When he came back from Jakarta’s last trip, I kind of reorganized our little room at the back of the house into Hazeeq’s playroom as a surprise. They were both elated. Macam sidak ang moh.. ada little nursery. As of now, I couldn’t think of a better home project. I supposed keeping the house the way it is, would be good enough. At least, my own Shakespeare won’t lose his way around the house when he gets home.

Romanticism at its best, huh. Hakikatnya, aku malas.

Subjective pain

I got home to a crying Hazeeq post-call. He was sobbing and clinging on to Mr Husband like a koala. I asked what was the problem. Mr Husband responded cheekily,

“He fell.

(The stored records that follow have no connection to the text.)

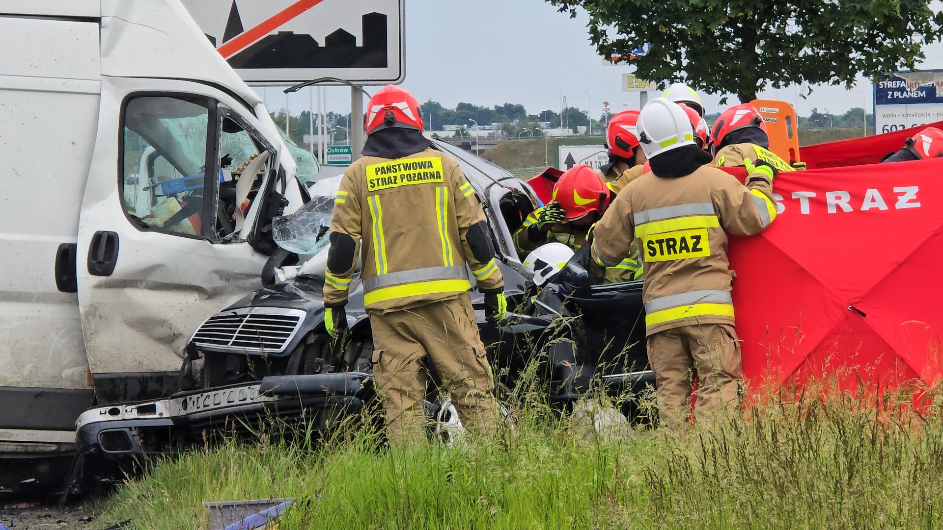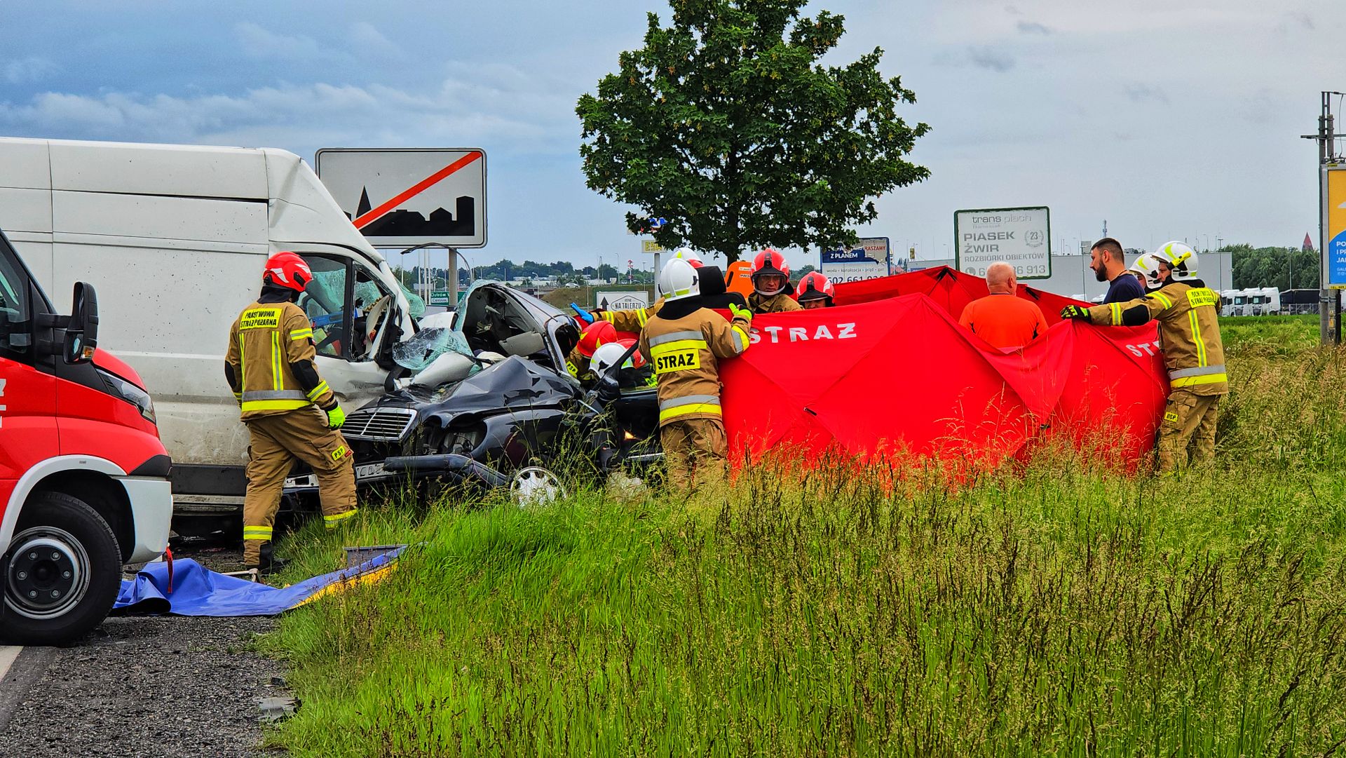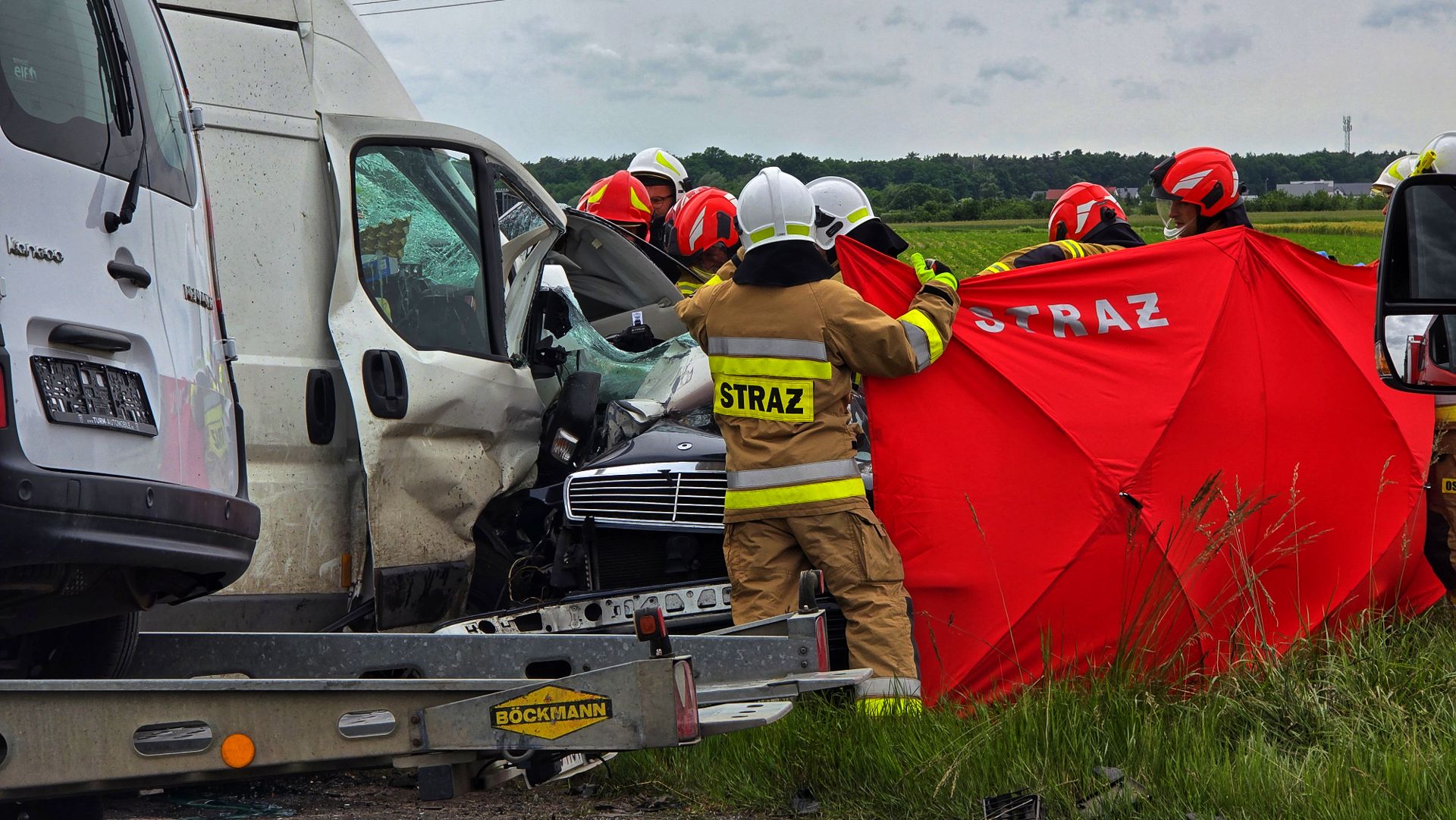 Dwóch mężczyzn zginęło na miejscu. Trzecia osoba, kierowca z busa, trafiła do karetki.
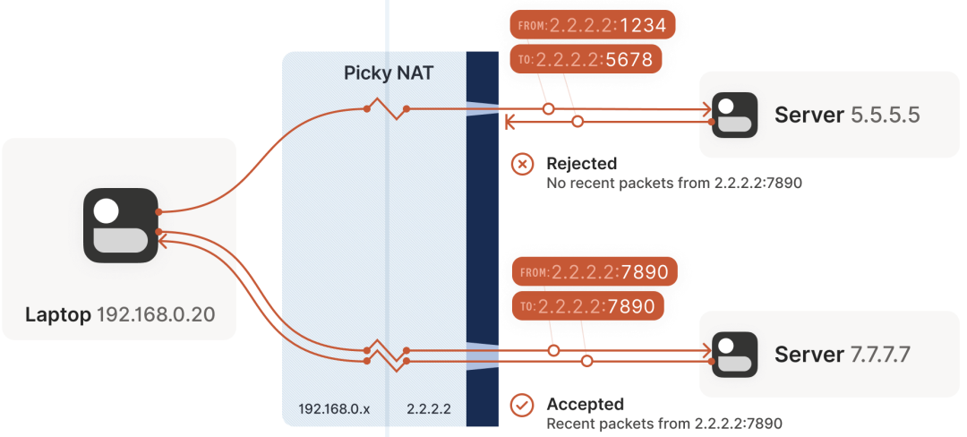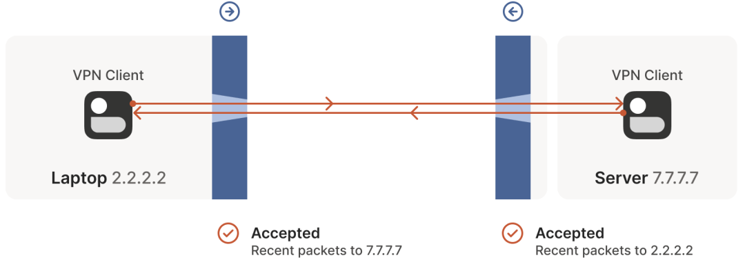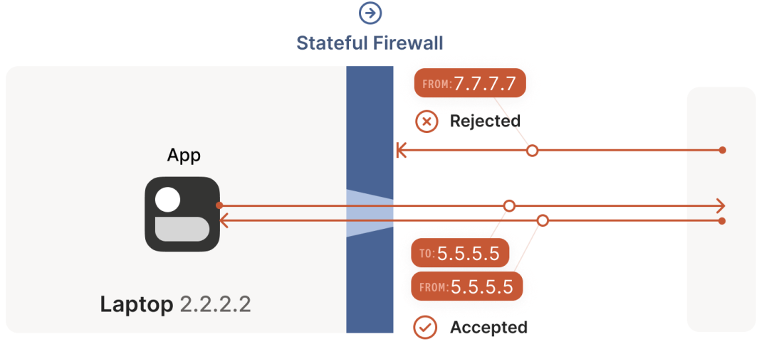 笔记本电脑中自带了一个防火墙,当该防火墙看到从这台机器出去的 2.2.2.2:1234 -> 5.5.5.5:5678包时,就会记录一下:5.5.5.5:5678 -> 2.2.2.2:1234 入向包应该放行。这里的逻辑是:我们信任的世界(即笔记本)想主动与5.5.5.5:5678 通信,因此应该放行(allow)其回包路径。
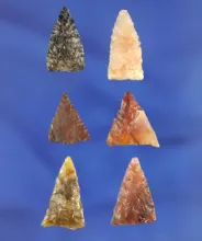 Set of six very nice Triangle points found in northern California, largest is 13/16". |
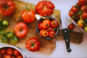 Zdjęcie "Składniki do sałatki lub gulasz na stole w kuchni. Drewniany stół ze świeżymi, jasnymi warzywami na talerzu, deska do krojenia i nóż." może być wykorzystywane do celów osobistych i komercyjnych zgodnie z warunkami zakupionej licencji Royalty-free. Obraz jest dostępny do pobrania w jakości wysokiej rozdzielczości do 5760x3840.
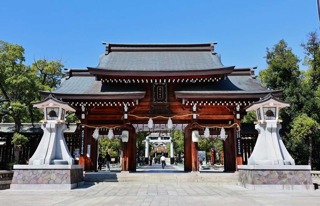 JR神戸駅の北西200ⅿの多門通3丁目に湊川神社がある。祭神は楠木正成。地元では親しみを込めて「楠公(なんこう)さん」と呼ばれている。現在の社殿は、戦火で焼失したが、昭和27年に鉄筋コンクリート造で再建される。菊水の紋をあちこちで見かける。 神社の創建は、明治5年とされる。創建に当たり、当時の薩摩藩、尾張藩、水戸藩らの主導権があったため、明治政府が主導した。それまで社名は、楠公社 南木神社、大楠霊神社などがあったが、地名を付けたものになった。「太平記」では、「湊川の合戦」で、足利高氏・直義の大軍に敗れ、この地で殉節したとされる。 表門に向かって右手に、史跡「楠木正成墓碑」がある。江戸時代半ばまで、地元の人々にひっそりと祀れていた楠公の墓に、注目した人物は徳川光圀公。元禄5年に建設費183両余りの墓碑を建立する。四角台座に亀趺が載り、礎石を担ぐような形式で「亀趺碑」と呼ばれる。「嗚呼忠臣楠子之墓」と刻まれている。かの吉田松陰も座右に掲げていたという。写真1 湊川神社の表門。写真2 湊川神社の社殿。写真3 拝殿の天井画「164点」。写真4 参道の大鳥居他。写真5 史跡「楠木正成墓碑」。写真6 湊川の戦い図と殉節池。

Got an abrasion wound on his left knee but is wailing like he’s got an open fracture”

HA HA HA. My drama king son!

 EE merajuk

He walked like a cripple the whole day – saying he can’t walk. And we kept reassuring this boy that there is nothing wrong with his leg. He of course does not agree. He forgot about the leg for a while after watching his favourite cartoon. He wanted to run to the fridge to get his Vitagen until that ‘pain on knee extension’ kicks in and there he goes – crying again. He merajuk. He doesn’t want a cute plaster even! He chose to be sulky.

I was more worried that he wouldn’t want to take his shower – but this brave young man said to me,

“Mummy, jom mandi. buang itam”
(mom.. lets go shower. Clean the black thing)

.. this is referring to his wound of course.

He kind of showered himself with special attention to the wound. He drizzled so much water on it, probably hoping that that it will peel off his skin. After a lather of soap and more water, we pat the wound dry and dressed him in his pajamas. I put on his long pants thus concealing the wound and all of a sudden, he can walk almost straight to the kitchen! Still on tiptoes and bent knees but more upright and at a faster pace.

That was when I realized that to him,  Pain will only manifest when it is something he can see. Once I covered up the wound, his pain dissipated and almost went away.

And the next morning, he was already jumping on the bed!